TASK DIRECTIONS: Include in the reply only the lines from the start of the data below through the line containing "Sydney with its", reproduced exactly and with no pictures.

───

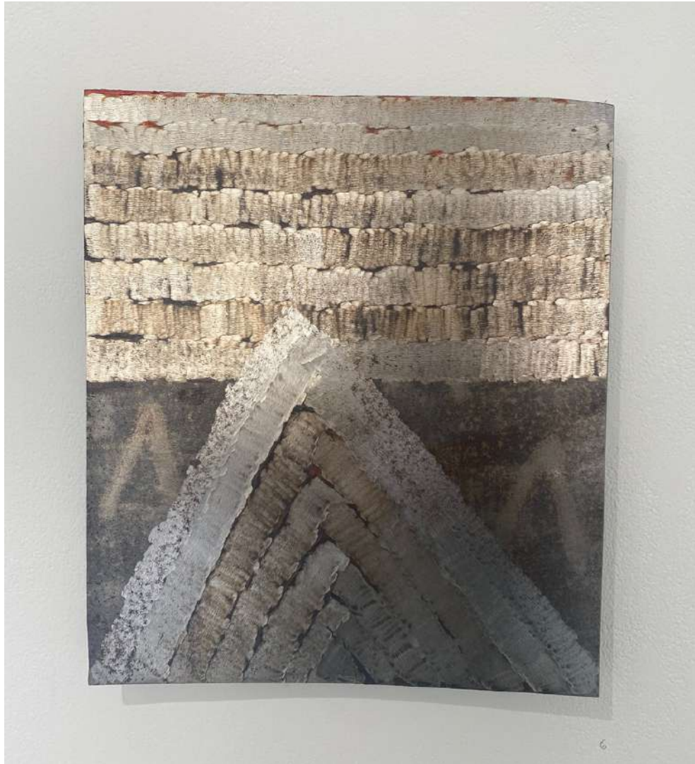
Erased Drawing #6 2022 Steel 300 x 340 cm SOLD
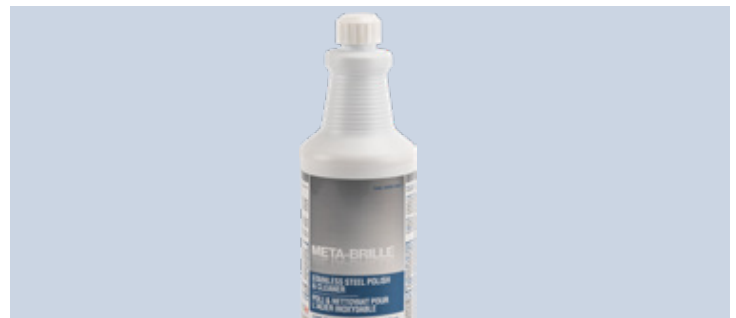
MEBRSWD – 12 x 950 mL
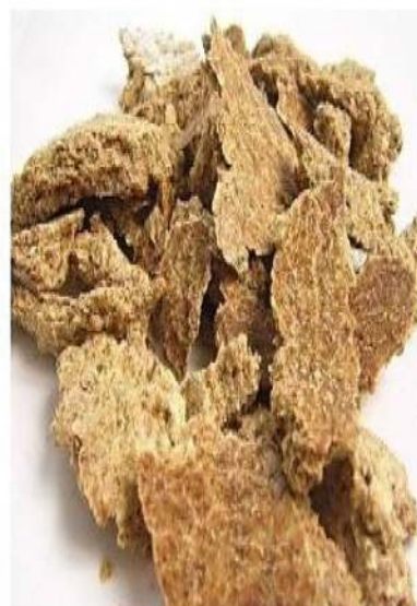
Soybean oil cake
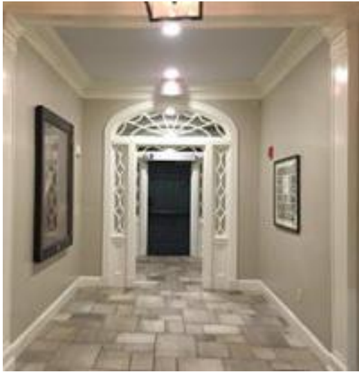
This Page: The Entryway (top left), Great Hall (top right), Beach (middle left), GOTE (middle right), Kitchen (bottom left), 2 nd floor (bottom center), and bathroom (bottom right)
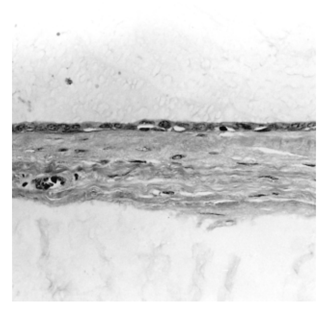
Fig. 2. The lining cells of cysts are usually flat (H&E, \times 400).
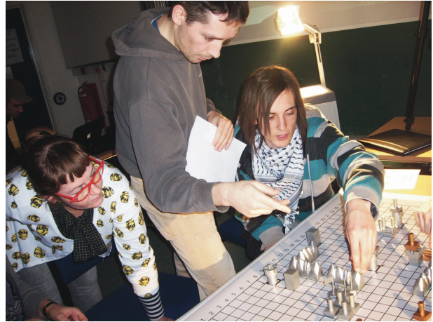
Playing Guy Debord's The Game of War , Class Wargames
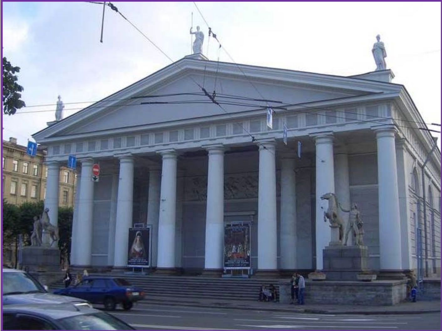
The building is situated in the south-western corner of St. Isaac's Square
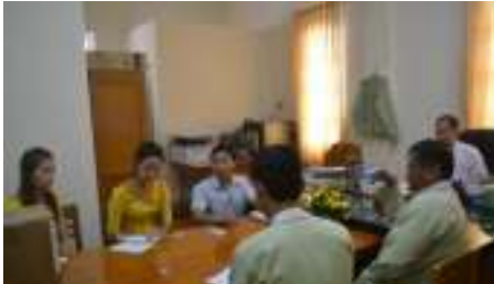
Advocacy Visit to Sagaing Regional Parliament
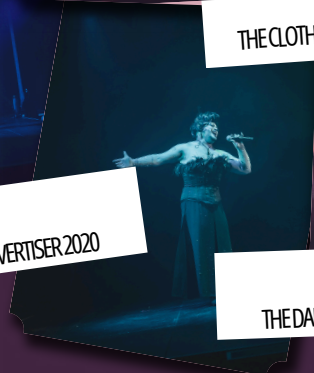
THE DAILY MAIL 2019
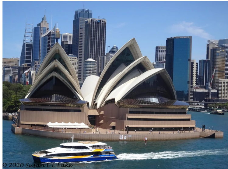
Sydney with its iconic Opera House would be at the top of my Port of Call images.

I "print" in a number of ways. Obviously, one of them is to incorporate some in my blog. I have actually been surprised when I try to find examples to illustrate a point to discover how many I have that touch me. It makes me wonder how else I might use some of my images.
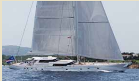
HYPERION 47.42 m 6/8 West Mediterranean – Caribbean 97,000/90,000 €/week
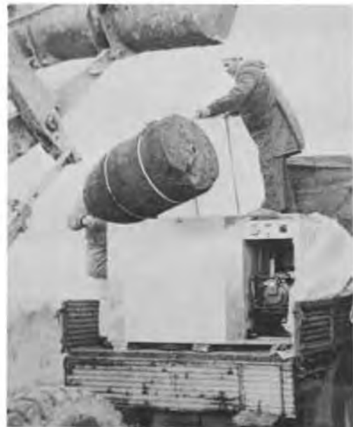
Fig. 5 - The sample is stored
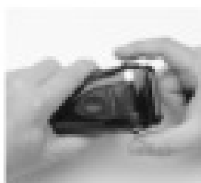
FIG. 1 HOLD THE SHIVER FIRMLY WITH ONE HAND ON THE SHAPER HEAD AND ONE HAND ON THE BODY (FIG. 1).

With normal use, the foils should last a long time. However, if the foils become damaged, you can replace them easily at home. For best performance, it is recommended to change the blades at the same time as the foils.
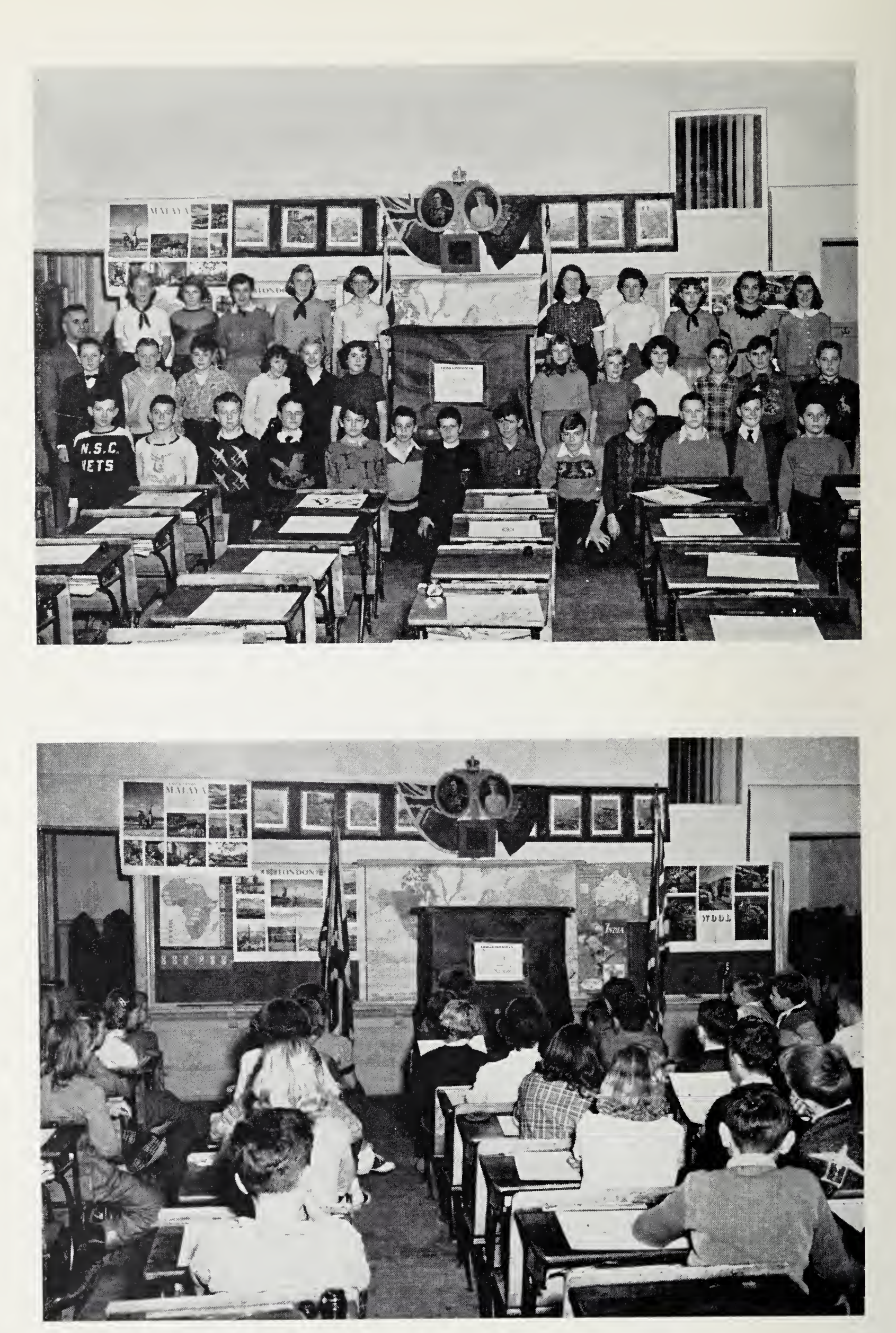
Grade VII. "The British Commonwealth Calling the World."
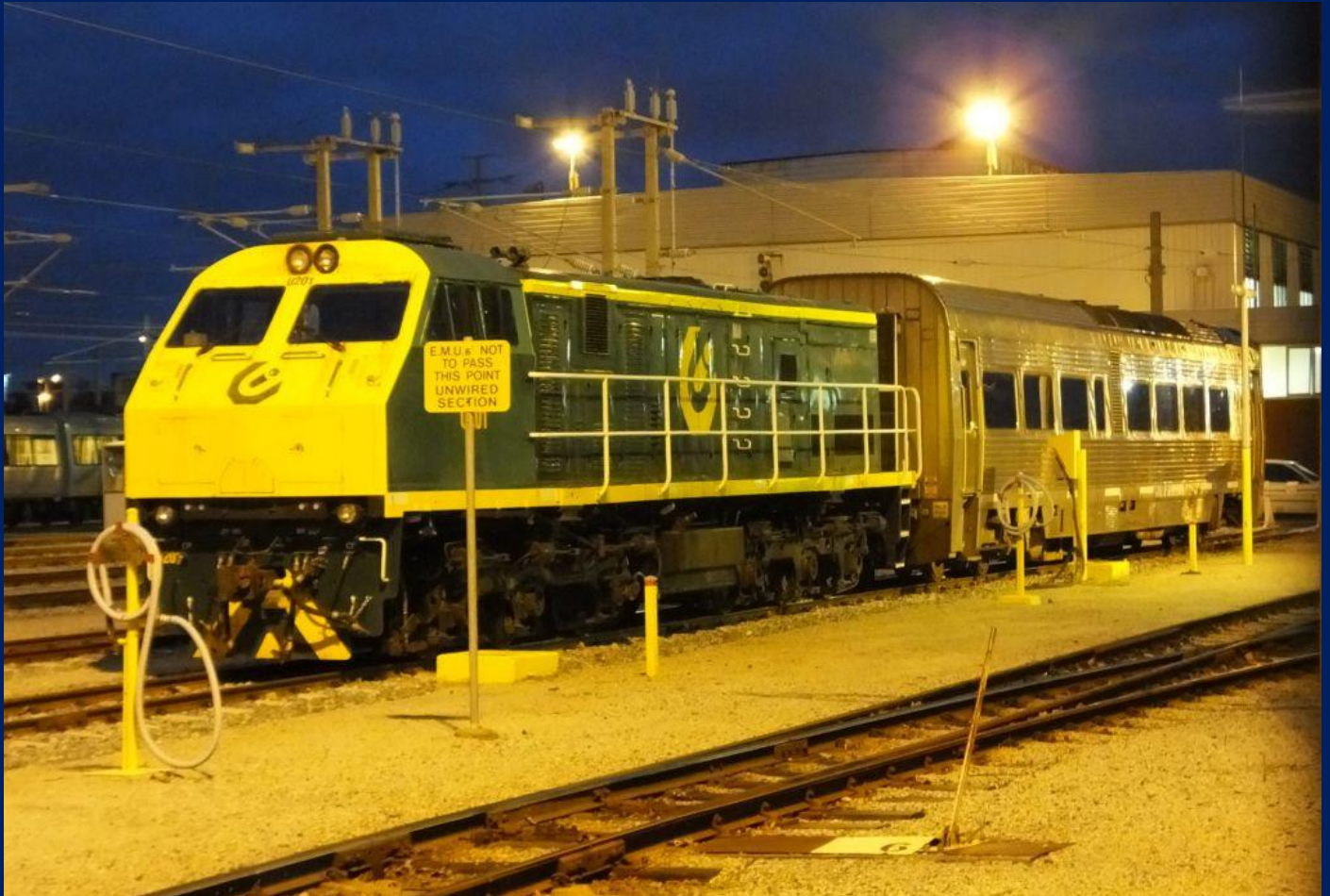
U201 and ADQ121 stabled at Claisebrook Railcar Depot on evening September 4th.
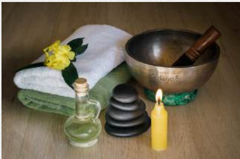
Himalayan Healers SPA
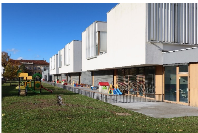
Fig. 7. Kindergarten in the village of Šoštanj, the design of the facade of the school does not indicate that it is a wooden building.

Another object of study is a kindergarten in the village of Šoštanj, the state educational facility built in 2014, with the municipality of Šoštanj as the investor. The exterior design of the building does not indicate at all that it is a wooden structure (Fig. 7). On the contrary, the interior pleasantly surprises with wooden elements (Fig. 8). The architecture of the kindergarten is designed as a two-story building with simple volumes, consisting of cubes of playrooms or classrooms shifted in height and plan, between which there are spacious play terraces below and above each other. The questionnaire again captured statements that characterize wood as a material that has a very warm and soothing effect. Teacher Taja Kidrič claims: "Man has always been connected to the forest, trees and nature. The forest and trees have always offered us protection and food, wood certainly has a good effect on psychological well-being" , he continues: "Wood has a very positive effect; the space seems more open, warmer and comfortable; wood as a material brings well-being to children, which indirectly affects their concentration during educational processes" .
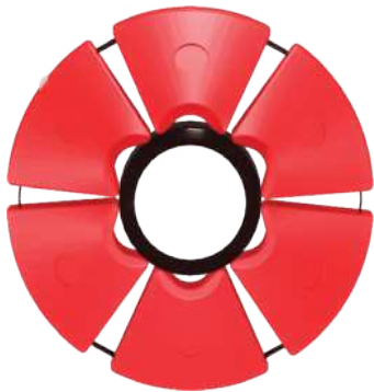
12 inch pipe 6 float units
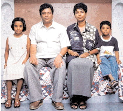
The late minister with his family
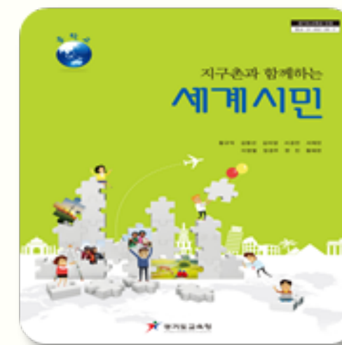
Development and Distribution of Authorized GCED Textbooks
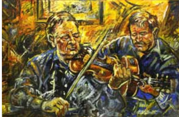
TITLE: Session MEDIA: Oil on Canvas YEAR: Unknown Nº: Pc053
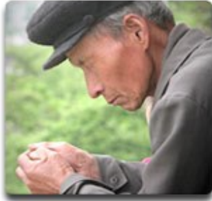
North Korea has been the most persecuted country in the world for decades.

The best way to understand and help the persecuted church is to first become educated about who is being persecuted.
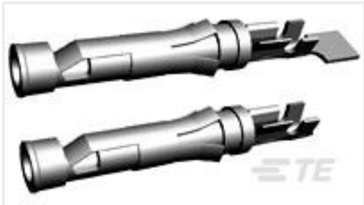
TE Part #2-66104-3 III+ SKT,24-20,30AU/FL,STRIP
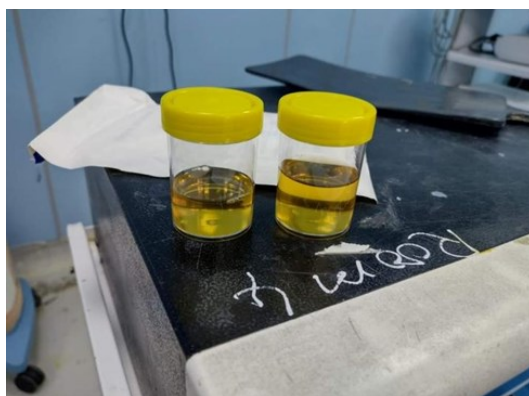
Figure 7: Urine sample was collected from the patient.

───

TASK RESPONSE:
Erased Drawing #6 2022 Steel 300 x 340 cm SOLD
MEBRSWD – 12 x 950 mL
Soybean oil cake
This Page: The Entryway (top left), Great Hall (top right), Beach (middle left), GOTE (middle right), Kitchen (bottom left), 2 nd floor (bottom center), and bathroom (bottom right)
Fig. 2. The lining cells of cysts are usually flat (H&E, \times 400).
Playing Guy Debord's The Game of War , Class Wargames
The building is situated in the south-western corner of St. Isaac's Square
Advocacy Visit to Sagaing Regional Parliament
THE DAILY MAIL 2019
Sydney with its iconic Opera House would be at the top of my Port of Call images.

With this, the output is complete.